From: Aleksandar Markovic @ 2016-04-13 18:41 UTC (permalink / raw)
To: Eduardo Habkost, Aleksandar Markovic
Cc: qemu-devel, proljc, kbastian, mark.cave-ayland, agraf,
Maciej Rozycki, Petar Jovanovic, blauwirbel, jcmvbkbc, qemu-arm,
qemu-ppc, edgar.iglesias, Miodrag Dinic, pbonzini, gxt,
Leon Alrae, afaerber, aurelien, rth
Hello, Eduardo,
I greatly appreciate your time spent on this matter and your unfailing attention to detail.
For Alpha and Xtensa, this is for sure, they will zero their CPU objects, as you hinted:
target-alpha/cpu.c:
162 cpu_class = object_class_by_name(TYPE("ev67"));
163 }
164: cpu = ALPHA_CPU(object_new(object_class_get_name(cpu_class)));
165
166 object_property_set_bool(OBJECT(cpu), true, "realized", NULL);
target-xtensa/helper.c:
125 }
126
127: cpu = XTENSA_CPU(object_new(object_class_get_name(oc)));
128 env = &cpu->env;
129
So, I will remove their set_snan_bit_is_one(0) calls, as you suggested.
This leaves only ppc, s390x, and TriCore calling set_snan_bit_is_one(0) it this
patch series..
I'll take one more look at them tomorrow, and will get back to you.
Yours,
Aleksandar
________________________________________
From: Eduardo Habkost [ehabkost@redhat.com]

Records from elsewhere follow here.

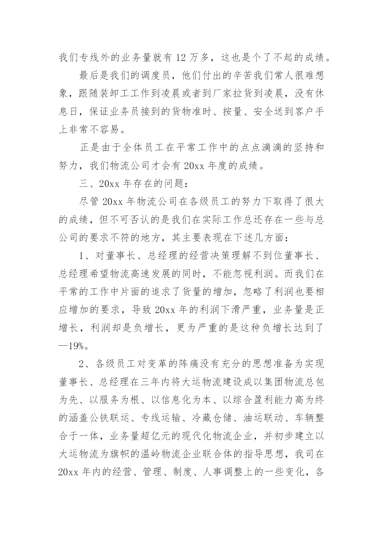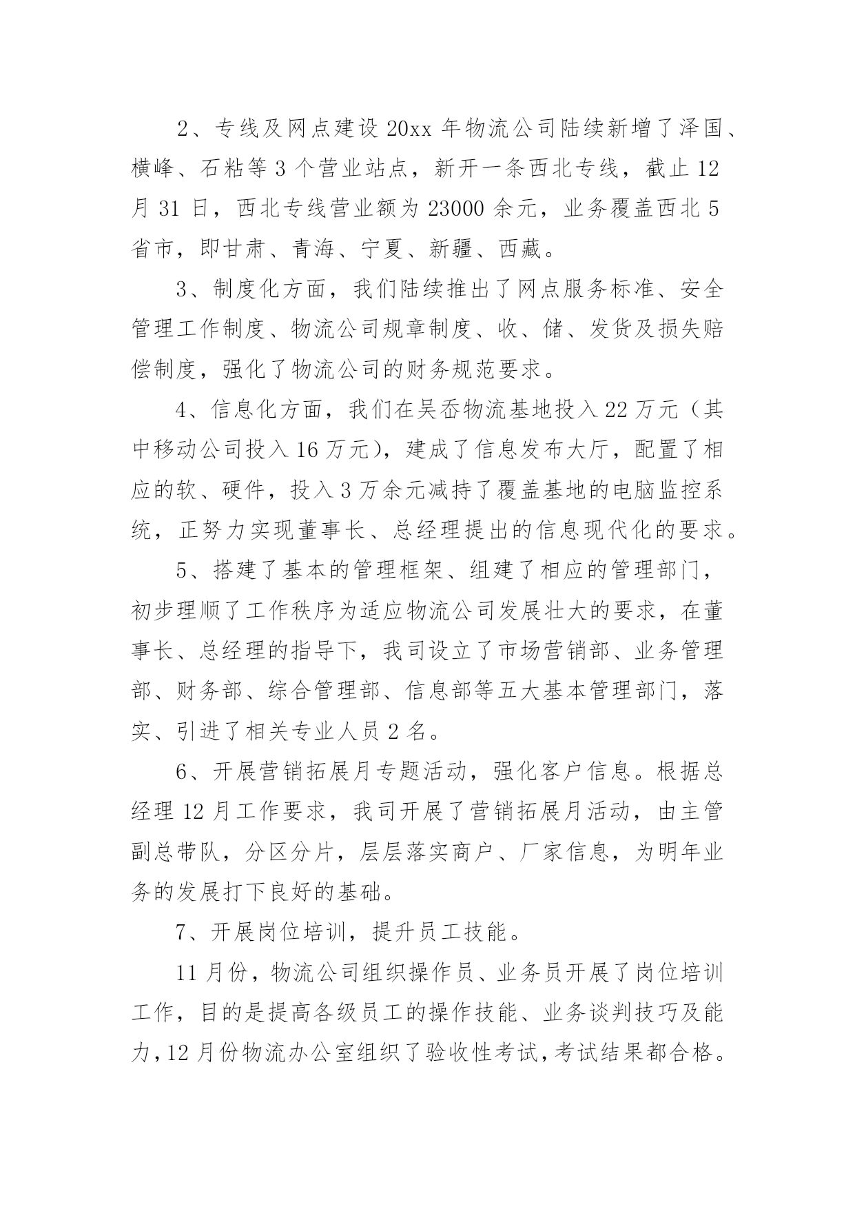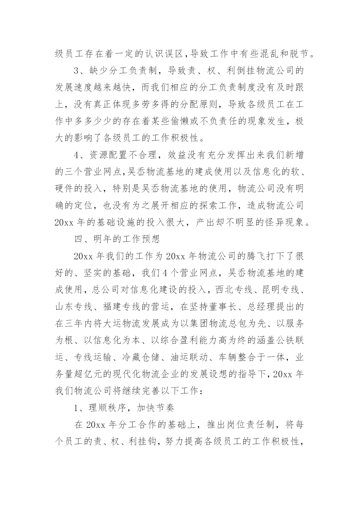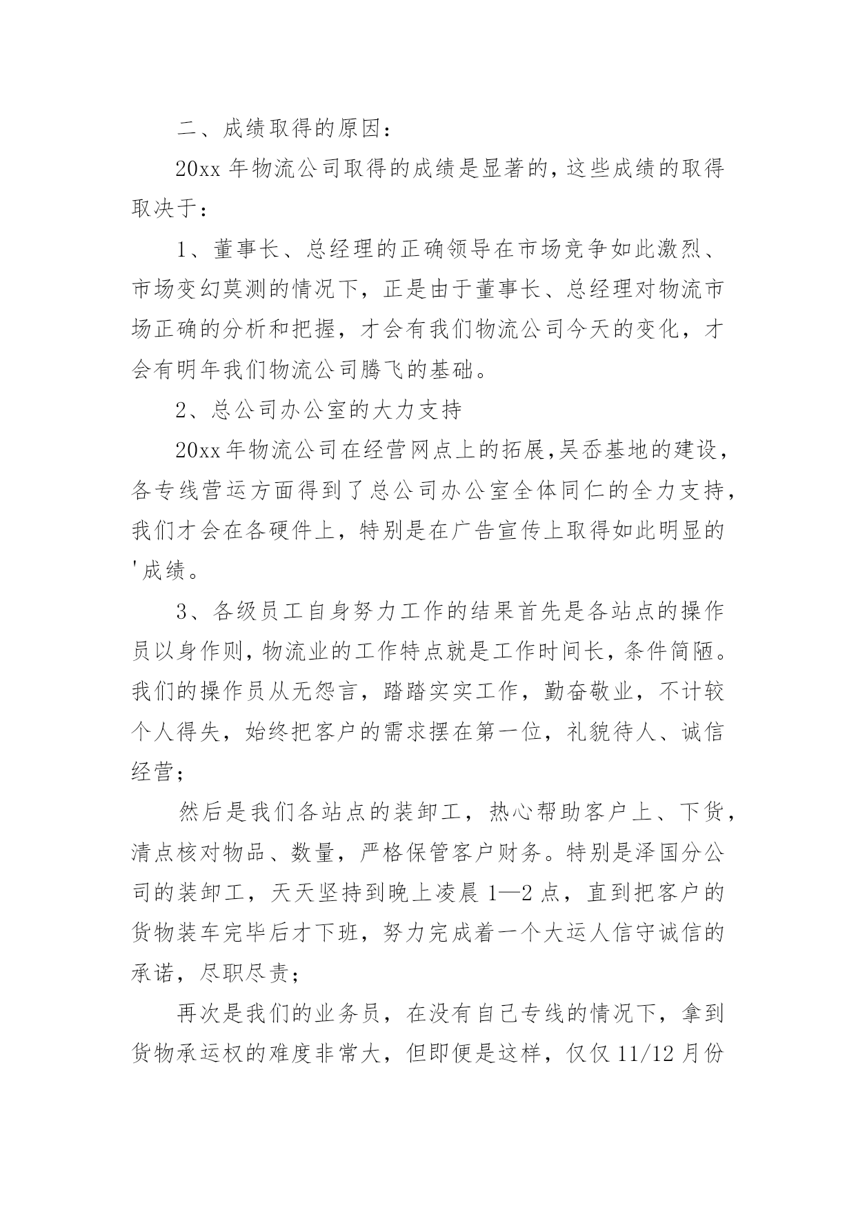 物流公司公司年终总结实用的物流公司公司年终总结3篇总结是对取得的成绩、存在的问题及得到的经验和教训等方面情况进行评价与描述的一种书面材料,它可以提升我们发现问题的能力,不如立即行动起来写一份总结吧。总结你想好怎么写了吗?以下是小编收集整理的物流公司公司年终总结3篇,欢迎大家借鉴与参考,希望对大家有所帮助。物流公司公司年终总结篇1经过又一年的物流管理工作,内心不禁感慨万千,回顾物流全年的工作历程,既有辛酸的汗水,也有进步的喜悦。过去的一年在公司各部门的配合支持及部门员工的共同努力下,顺利完成了全年的各项工作任务,现将我部门一年来的工作情况汇报如下。一、配送1、相比XX年,我们公司销售在整个大环境不景气的情况下有所下滑,在配送这一块,我们配送司机的薪水多少主要是取决配送的商品来计提成的。其实可以发现我们的司机不愿每天呆在家里,情愿多送货多做事来增加收入。2、XX年,我在司机计算提成这一块要求收营员做好司机每天的配送单统计,做到货物配送单的合理安排,避免了以往司机大笔金额货物配送时抢单、抢送的局面,维护了司机之间共同利益和部门员工团结关系。3、门店有时催送货比较急,货物量又比较少,路比较偏远,我们送货的原则是分线配送。有时候一个地方的货比较多,司机走几分钟后又被叫回来,这样来回几下我们的司机也有脾气,这样既浪费人力又浪费物力。还有一种情况就是货不多比较偏、又要得急,我们部门又要考虑油耗、费用的问题。所以说物流部门需要门店的配合,尽量给顾客做好解释工作。4、出货、装车司机按出库单对单对货核对,必须要求司机本人当面做好商品的二次核对。5、加强与各部门的衔接沟通,有效发挥公司现有车辆人员优势,把一些比较急的、数量不多的小货尽量让客户顺路带走。二、人员要求与管理1、20xx年初公司给物流管理部的人员编制是8人,实际在岗人数一直没有达到要求。2、由于人员的流动性大,一直以来是困扰部门工作开展的大问题。作为我部门员工的工作要求,虽然技术性不高。但作业强度大,体力要求比较高,也需要勤劳好学,做事责任心也要求高。自己必须要了解自己的下属,包括他的人品、性格、爱好、处事作风、工作能力等诸多方面,针对不同性格、不同年龄段、不同能力的人应该分别予以不同的管理方式、做到人尽其才,物尽其用。同时要关心自己的员工生活,除了批评外还要多加鼓励,以及对其的信任,让他体会到领导层的关心与器重,让他知道我们不但是上下级关系、同事关系,我们还是互相支持、关心的朋友关系。当然,作为管理者,同样要在员工面前树立自己的威信。这种威信不是靠恶语批评,也不是靠一味的做老好人树立起来的。你需要的是一个团队的力量,你需要说你好的人的支持,你同样需要说你坏的人的支持。三、车辆的管理1、定期对配送司机进行车辆人生安全防范意识培训讲解,定期做好车辆内外清洁卫生。2、严格控制部门内车辆费用,合理有效安排配送路线。3、严格要求配送员填写出车记录:如出车时间、行程、地点、事由、驾驶人签名,做到有出车就必有出车记录,做到保存全年的出车记录表。4、对全年车辆的费用使用情况做表格化存档:如车辆维修零件费用、保养、加油的时间、行驶公里数都有记录,做到部门内有数据可查,明确保养周期、时间。5、坚持秉承小问题自己动手解决、大问题送修自己买维修配件的原则,节约控制部门车辆费用。四、工作回顾与展望1、20xx年不知不觉在指尖慢慢逝去,20xx年迎面而来。回想过去,展望未来!有进步的喜悦,亦有工作中失误的愧疚。用心总结工作当中的利弊、得失。2、认真履行工作职责,在新的一年里,物流部将为公司的发展做到尽心尽力。物流公司公司年终总结篇220xx年时物流公司不平凡的一年,也是物流公司与时俱进、开拓创新、激情创业,奋力超越,再铸辉煌的一年。一年来,物流公司在总公司董事长、总经理的正确领导和关怀下,在办公室主任的有力支持下,在物流公司各级领导的科学管理和以身作则的带领下,在全体人员的不懈努力和奋力拼搏下,公司始终坚持董事长、总经理制定的经营策略和业务方针,认真落实公司20xx年工作计划,全面执行总经理“敬业、团结、智慧”的工作指示,围绕着“安全发展、专线发展和优质服务”三条主线,竭尽全力,忘我工作,优质、高效、圆满的完成了全年任务。20xx年物流公司在温岭物流业散、乱、小的复杂形势,运价竞争非常恶劣、自身起点相对弱小的情况下,我司共完成销售额520余万元,新增专线一条—西北专线,营业网点增加泽国、横峰、石粘等站点,吴岙物流基地建成投入使用,组建了适应公司飞速发展需要的管理层,为20xx年更高速的发展奠定了良好的基础。如今,我司全体人员意气风发、斗志昂扬、团结奋斗、积极进取、不怕困难、迎接挑战,全面落实董事长、总经理的决策,向更高更好的目标进军。一、现将20xx年工作总结如下:1、销售总额及利润20xx年物流公司完成销售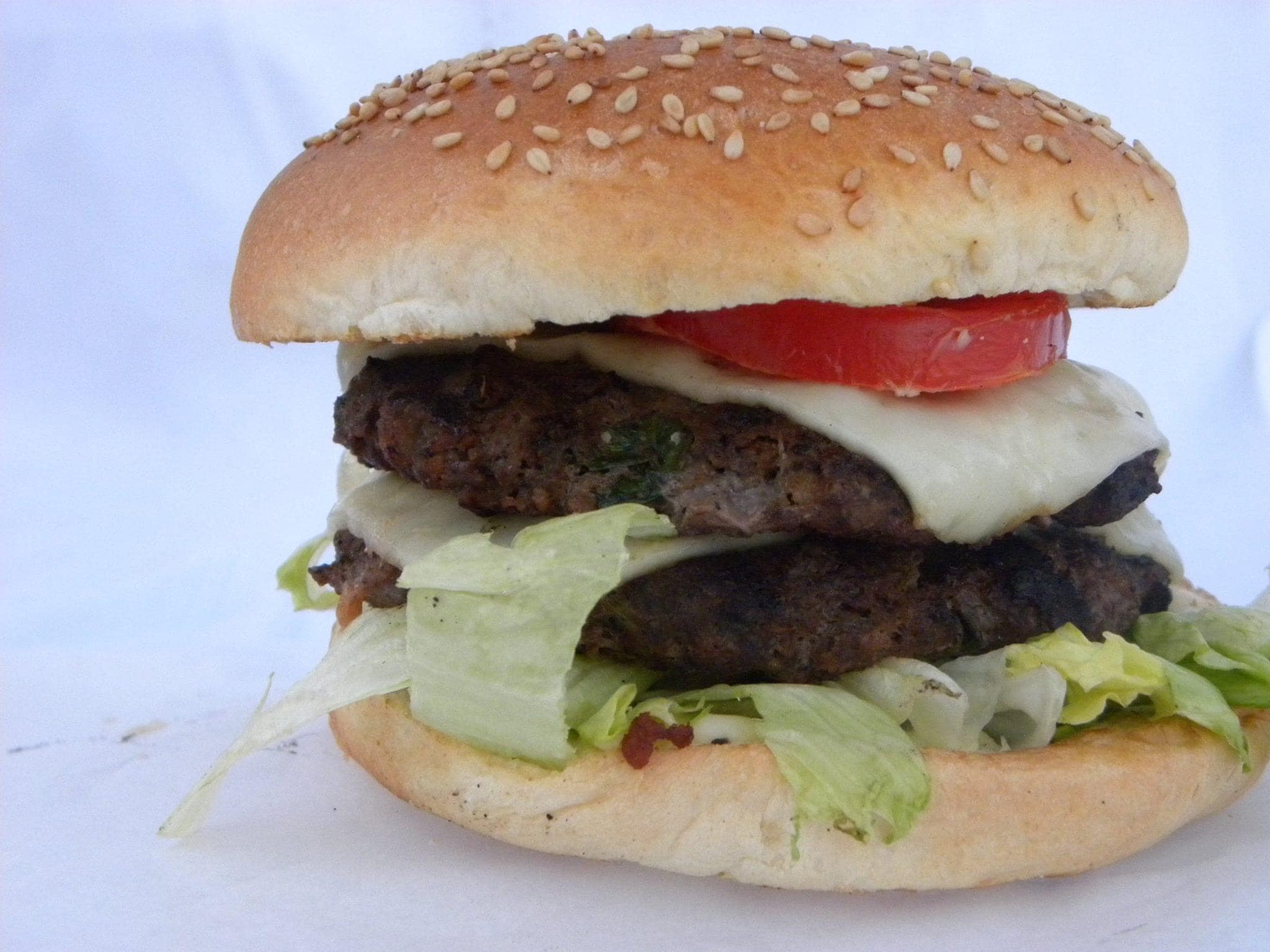 210 gr de carne, 40 gr de queso blanco, lechuga , tomate, aderezo y pan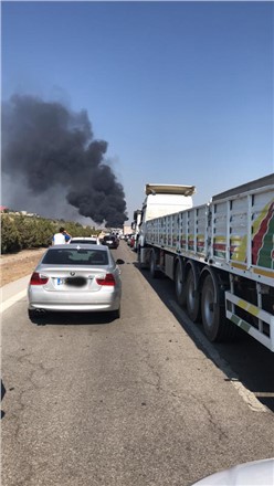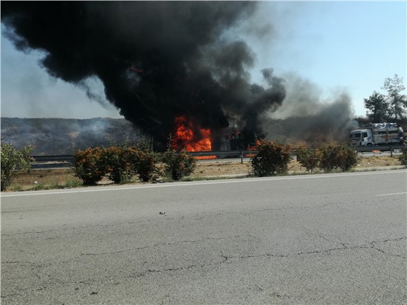 Tankerin yanmasıyla çıkan duman kilometrelerce uzaktan görülüyor.
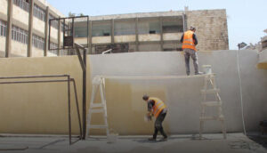 يقول المشرف على المشروع: نتابع العمل يومياً مع الكوادر المحلية، والمشروع يشمل الباحات، الجدران، الكهرباء، وكل ما يتعلق ببيئة الطالب.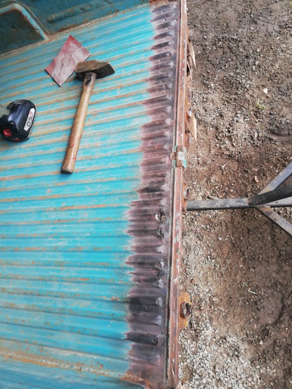 la préparation de la jupe arrière neuve , le caisson entier qui permet de remplacer absolument toute la partie rouillée et bouffée de partout ( ce que vous voyez, maintenu par la pince-étau et le serre-joint, c'est la tôle de fermeture du caisson à souder en dernier, une fois le caisson posé sur la caisse) :
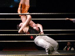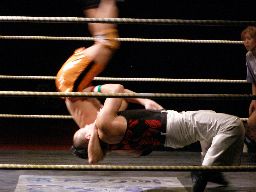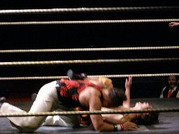 カタプルパでロープにぶつけ、倒れこんだところにヒザ(右写真)。カバーはカウント2。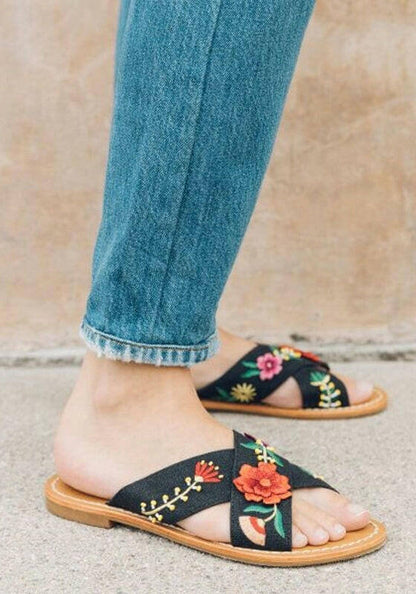 Look chic in the stylish Embellished Floral Sandals by Soludos. These elegant sandals feature a cross over front embellished with embroidered floral detailing, with a comfortable leather sole.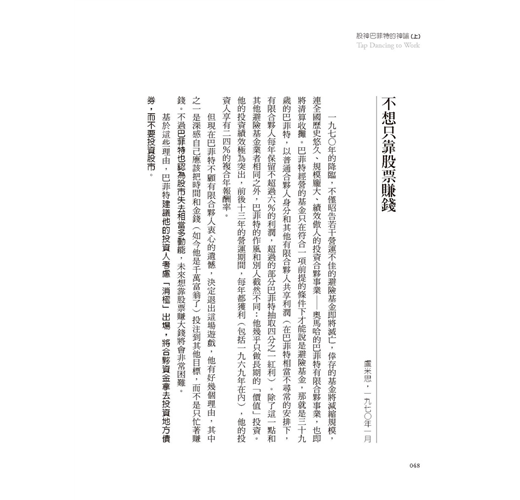 下冊1999-2012年,給投資人與世人的幾堂課,以及自述有所為、有所不為的投資哲學。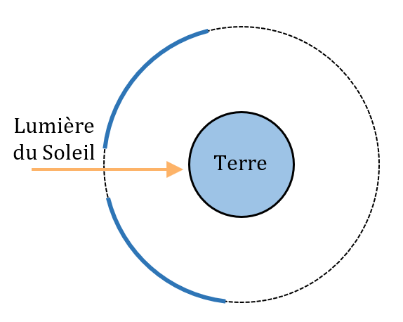 3.b. La lumière cendrée s’observe lorsque la Lune est « en croissant », c’est-à-dire lorsque la Lune est dans les parties bleues ci-dessous de son orbite.

Sent: Tuesday, April 12, 2016 11:45 AM
To: Aleksandar Markovic
Cc: qemu-devel@nongnu.org; proljc@gmail.com; kbastian@mail.uni-paderborn.de; mark.cave-ayland@ilande.co.uk; agraf@suse.de; Maciej Rozycki; Petar Jovanovic; blauwirbel@gmail.com; jcmvbkbc@gmail.com; Aleksandar Markovic; qemu-arm@nongnu.org; qemu-ppc@nongnu.org; edgar.iglesias@gmail.com; Miodrag Dinic; pbonzini@redhat.com; gxt@mprc.pku.edu.cn; Leon Alrae; afaerber@suse.de; aurelien@aurel32.net; rth@twiddle.net
Subject: Re: [Qemu-devel] [PATCH v4 1/9] softfloat: Implement run-time-configurable meaning of signaling NaN bit
On Tue, Apr 12, 2016 at 02:58:03PM +0200, Aleksandar Markovic wrote:
[...]
> 4) Updated code for all platforms to reflect changes in SoftFloat library.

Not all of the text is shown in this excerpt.